This new project used a software developer’s kit (SDK) for building its service, called the Mithral Client-Server SDK, which is designed to quickly build a SETI@home-like project. Some of the details of Folding@Home are still undergoing peer review, but the latest information can be found on the Folding@Home Web site (www.stanford.edu/group/pandegroup/Cosm/).

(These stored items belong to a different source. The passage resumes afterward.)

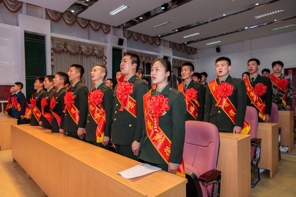 海州区人武部政工科科长杨志宣读退役大学生名单。“王艺彭”“到!”“赵曾轩”“到!”。。。。。。一声声坚定有力的“到!”在会场中回荡,激奋人心,此刻,军人永不磨灭的意志品质在他们的身上熠熠闪光。
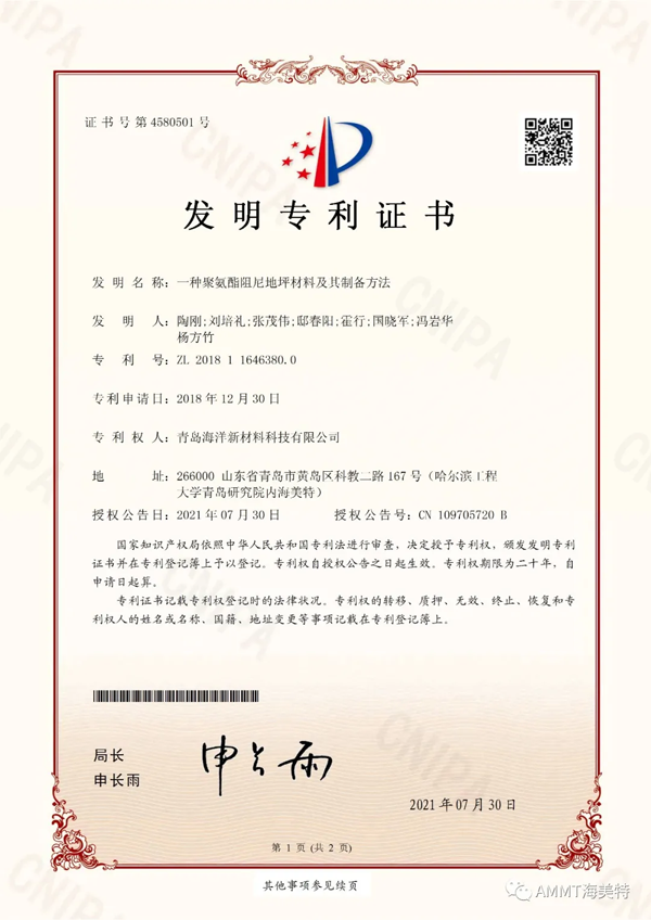 2021年7月30日,青島海洋新材料科技有限公司申請的《一種聚氨酯阻尼地坪材料及其制備方法》發明專利獲得國家知識產權局授權,授權專利號:ZL 2018 1 1646380.0。目前,公司共獲得國家授權專利33項,其中發明專利31項,實用新型專利1項,外觀設計專利1項。
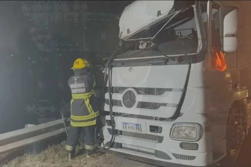 Dos personas resultaron gravemente heridas tras un choque entre un micro de larga distancia y un camión en el kilómetro 77 de la Ruta 9, a la altura de Campana.
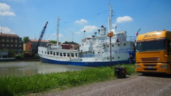 Quando i lavori di preparazione saranno finiti, la nave-locale verrà spostata nel giro di una giornata. L’ingegnere navale Padoan, che per ironia della sorte si chiama proprio Sebastiano, ha già effettuato un paio di sopralluoghi per prendere le misure di spessore della barca, fare le prove di galleggiamento e preparare le dovute precauzioni nel caso dovesse imbarcare acqua.
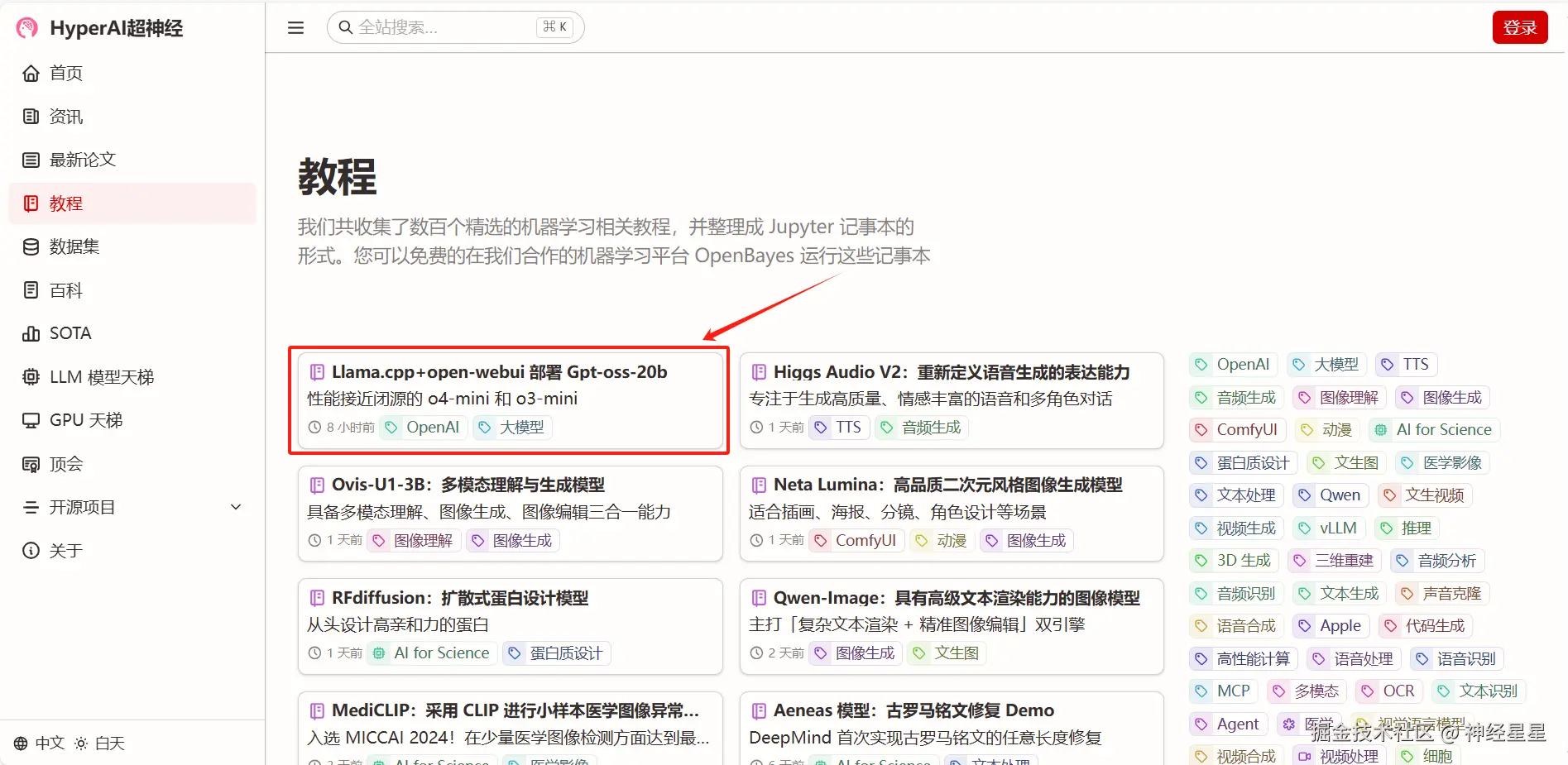 1. 进入 hyper.ai 首页后,选择「教程」页面,并选择「Llama.cpp+open-webui 部署 gpt-oss-20b」,点击「在线运行此教程」。
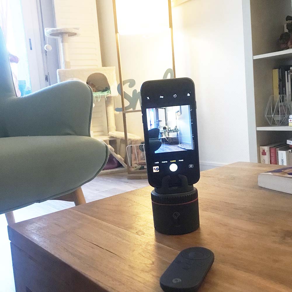 Pour plus de détails, il s’agit donc d’un support automatisé qui relié par bluetooth à mon smartphone permet de gérer les lives, timelapses, mais également les panoramas photo le tout à 360°. Idéal pour les off video quand je travaille sur ordinateur mais également filmer les boutiques de mes clients/partenaires.
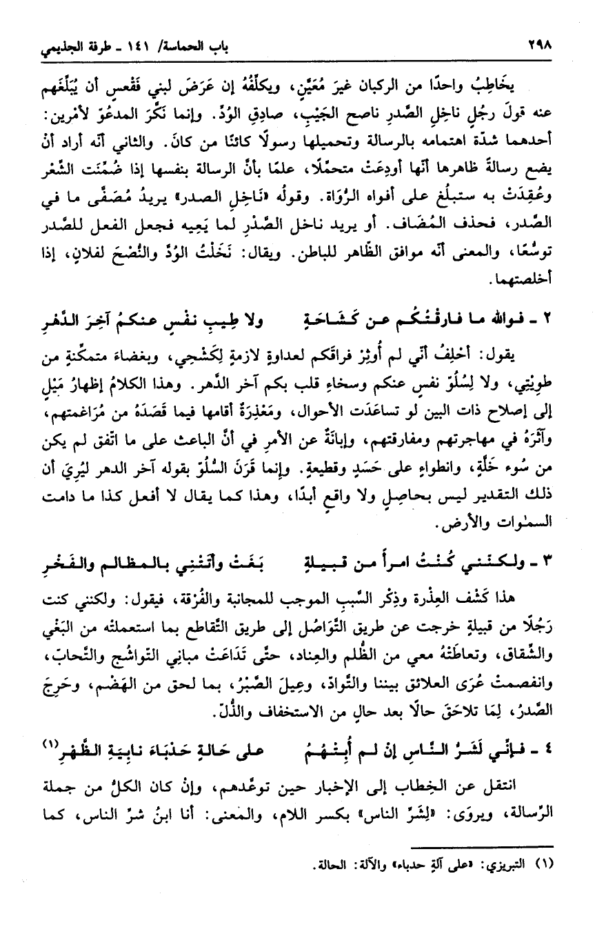 هذا كشف العذرة وذكر السبب الموجب للمجانبة والفرقة، فيقول: ولكنني كنت رجلاً من قبيلةٍ خرجت عن طريق التواصل إلى طريق التقاطع بما استعملته من البغي والشقاق، وتعاطته معي من الظلم والعناد، حتى تداعت مباني التواشج والتحاب، وانفصمت عرى العلائق بيننا والتواد، وعيل الصبر، بما لحق من الهضم، وحرج الصدر، لما تلاحق حالاً بعد حالٍ من الاستخفاف والذل.
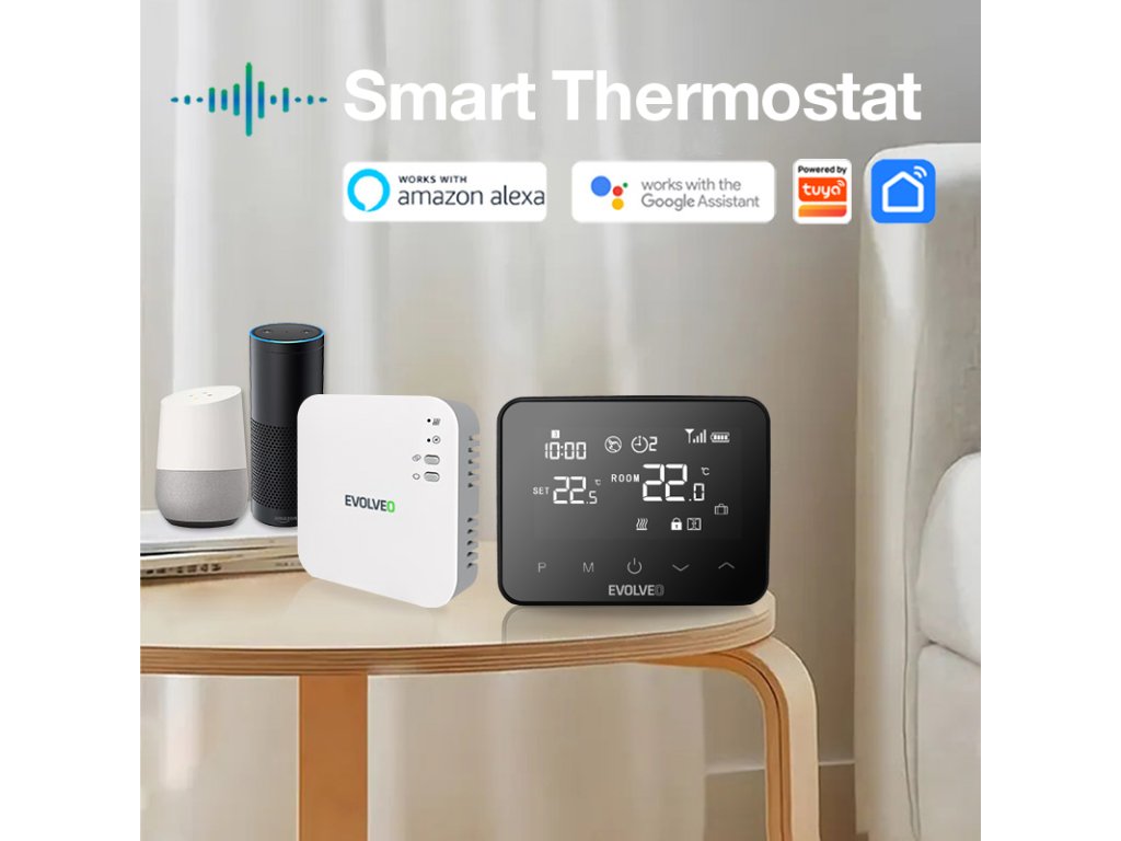 Termostat Thermal je navržen tak, aby byl snadno instalovatelný a kompatibilní s různými topnými systémy. S dodanými montážními součástkami a návodem k instalaci lze termostat snadno namontovat na stěnu nebo umístit na stůl podle potřeb. Jeho kompatibilita s hlasovými asistenty Google Assistant, Amazon Alexa umožní ovládat teplotu v domácnosti hlasovými příkazy.
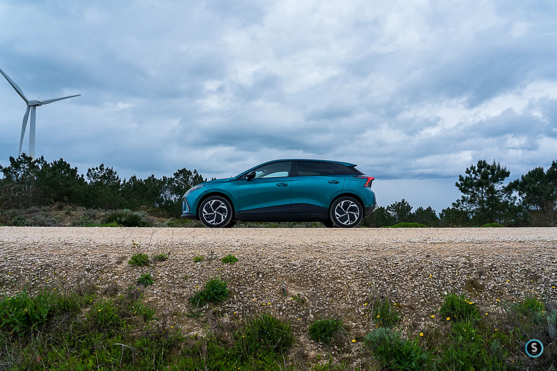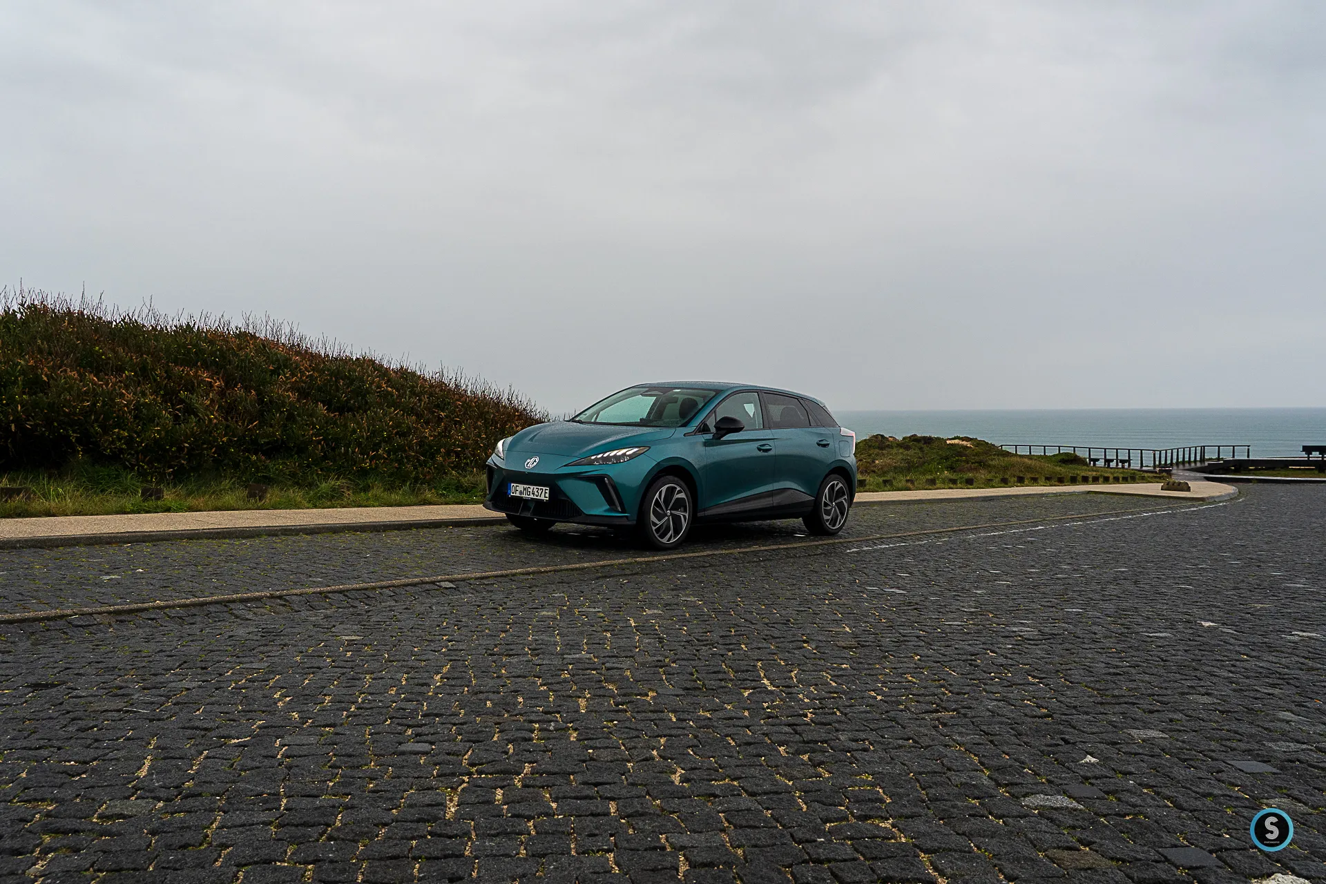Mais c’est surtout dans cette nouvelle teinte Irises Cyan que la MG4 EV attire véritablement l’œil. Entre bleu profond et reflets turquoise, elle capte la lumière – même sous un ciel chargé – et met en valeur les lignes tendues du profil ainsi que les volumes sculptés de la carrosserie. Dans la grisaille portugaise, cette couleur apporte une vraie signature visuelle, presque inattendue, qui contraste avec l’ambiance sombre et souligne le caractère moderne et accessible de cette compacte électrique.
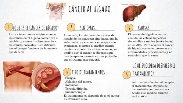 Es un cáncer que se origina cuando las celulas en el higado comienzan a cambiar y a crecer, sobrepasando a las celulas normales. Esto dificulta que el cuerpo funcione de la manera que deberia.
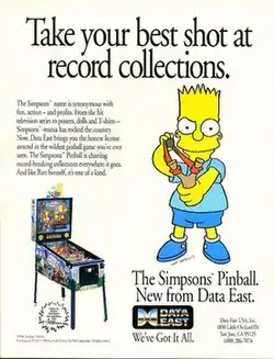 The pinball game was released by Data East Pinball in 1990.[4][5] It was licensed by Fox and produced in Data East's factory in Melrose Park, Illinois.[1] According to an article in Chicago Sun-Times, the producers took advice from The Simpsons creator Matt Groening while developing the game.[1] On November 9, 1990, Data East executive vice-president Gary Stern described the game to the press as "fun – a whole package ... voices, music, artwork, great ramps."[4] He also noted that "This game is already on its way to becoming a monster hit."[1] In 2007, Stern said in an interview with License! that "While we export about one-third of our games, that first [The Simpsons pinball] model did especially well in the U.S."[6]

2^3021377-1: Largest Prime
Distributed computing is making an impact on other areas of pure science as well. Roland Clarkson, a student at California State University Dominguez Hills, discovered the 37th Mersenne prime number early in 1998. The new prime number is 909,526 digits long, and was discovered using a 200-MHz Pentium computer part-time for 46 days (Mersenne primes have the form 2^n – 1). Clarkson is one of more than 4000 worldwide volunteers participating in the Great Internet Mersenne Prime Search (GIMPS). The GIMPS project was started in January 1996 and has discovered 10 primes to date using Windows-based software.

Recognizing that prime numbers don’t have the widespread appeal of extraterrestrial life, the Electronic Frontier Foundation is offering a $100,000 award to the first person to discover a 10 million-digit prime number. Tempering enthusiasm for this work is the warning that a 500-MHz PC will take a full year to test a single Mersenne exponent with only 1 chance in 250,000 of finding such a prime number. The details of how GIMPS will handle this award can be found at www.mersenne.org/prize.htm.

Distributed Answers
There’s scarcely an area of science that doesn’t need more computing power, so distributed computing is spreading rapidly into new areas. Here are just a few examples:

Code Breaking. Encryption is a favorite topic at www.distributed.net. Working on the RC5-64 protocol, its assembled PCs can try out code keys at 105.11 gigakeys per second. This phenomenal rate is the main reason why this site, in January 2000, found the winning key in the CS-Cipher encryption contest.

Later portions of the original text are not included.